政権発足以来、2年余り。報道各社の世論調査で、内閣支持率が軒並み過去最低を記録する中で行われた10月22日の衆参2補選は、与党の1勝1敗に終わった。衆院長崎4区はしのいだものの予想以上に苦戦し、参院徳島・高知選挙区では野党候補に大敗を喫した。
ともに元々、保守地盤が強固な選挙区だ。岸田氏に対する有権者の厳しい評価が如実に表れた選挙だった。
自民党岸田派の議員は「2敗するのと1勝1敗とでは天と地ほど違う。両方負けていたら『岸田降ろし』が党内で始まっていただろう」と話す。岸田氏も結果を聞いてほっとしていたという。
だが、これで岸田氏が探ってきた年内の衆院解散・総選挙は極めて難しくなったのは確かだ。そして年明け以降、選挙に有利な状況がやって来る保証もない。

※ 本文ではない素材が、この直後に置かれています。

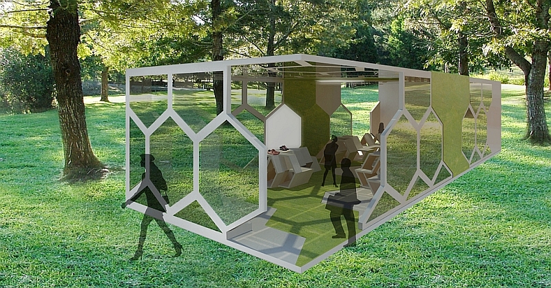 Die Hauptelemente sind aus Sperrholz und Plexiglas. Die großen Plexiglas wände dienen als Hauptlichtquelle, durch die das Sonnenlicht ungehindert einfällt. Zusätzlich geben sie dem Käufer das Gefühl, in einem Innenraum mit der Natur verbunden zu sein, was zudem durch einen Naturrasen, der durch das Innere der Ladenkonstruktion nach außen führt, verstärkt wird.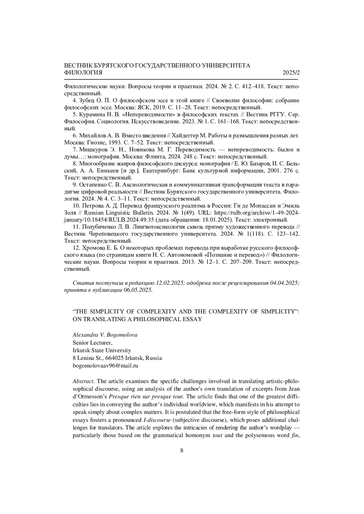 5. Курамина Н. В. “Непереводимости” в философских текстах // Вестник РГГУ. Сер. Философия. Социология. Искусствоведение. 2023. № 1. С. 161-168. Текст: непосредственный.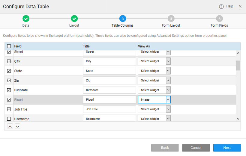This step will allow us to select the fields to be shown in Data Table and once done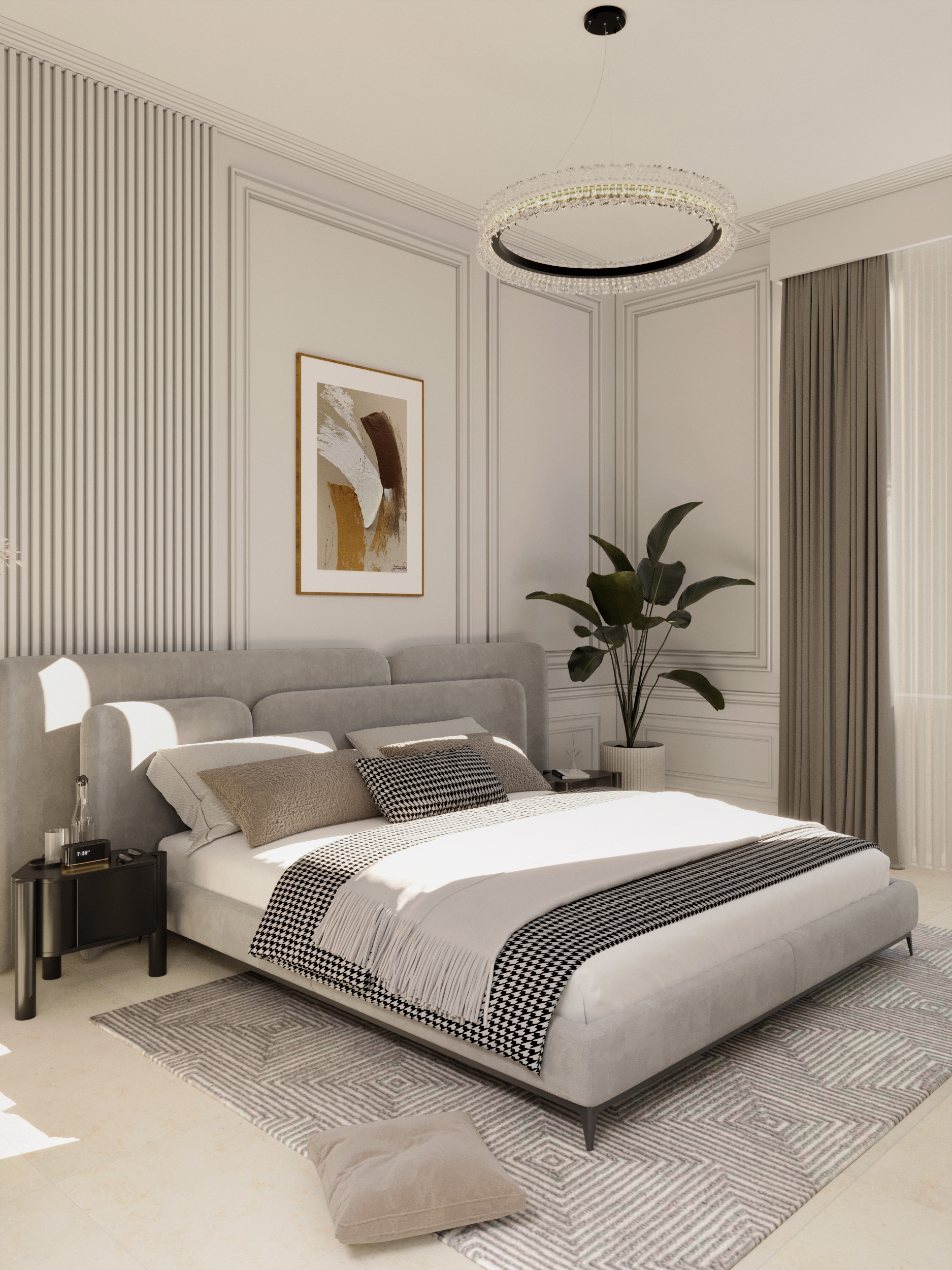 Master bedroom redesign developed with minimal reconstruction, based on the client’s preferences for furniture models and wardrobe style.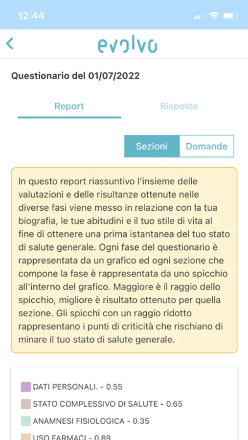 Il questionario evolvo segna da subito la differenza: si va oltre l’anagrafica e insieme ci si appresta a scrivere la prima pagina della tua biografia. L’istantanea che ne scaturisce parla della tua vita: disturbi, preoccupazioni, ma anche aspirazioni, speranze, progetti ed emozioni.

来年秋の自民党総裁選で圧勝、もしくは無投票で再選されるためには、一度、衆院選に臨んで勝利しておく必要がある──という岸田氏のシナリオ=大前提は確実に崩れ始めている。
一体、何をしたいのか
最近、誰も口にしなくなった言葉がある。
「黄金の3年間」である。
2021年秋、岸田政権が誕生した当時は、「岸田氏には『黄金の3年間』が待っている」と言われたものだった。
次の自民党総裁選までには3年ある。その間、衆院を解散しなければ衆院選も参院選もなく、じっくり腰を落ち着けて、自分がやりたい政策に取り組める……。「黄金」とはそんな意味だった。
ところが、絶好の政治環境を手にしていながら、今や「首相は何をしたいのか分からない」というのが定番の評価になっている。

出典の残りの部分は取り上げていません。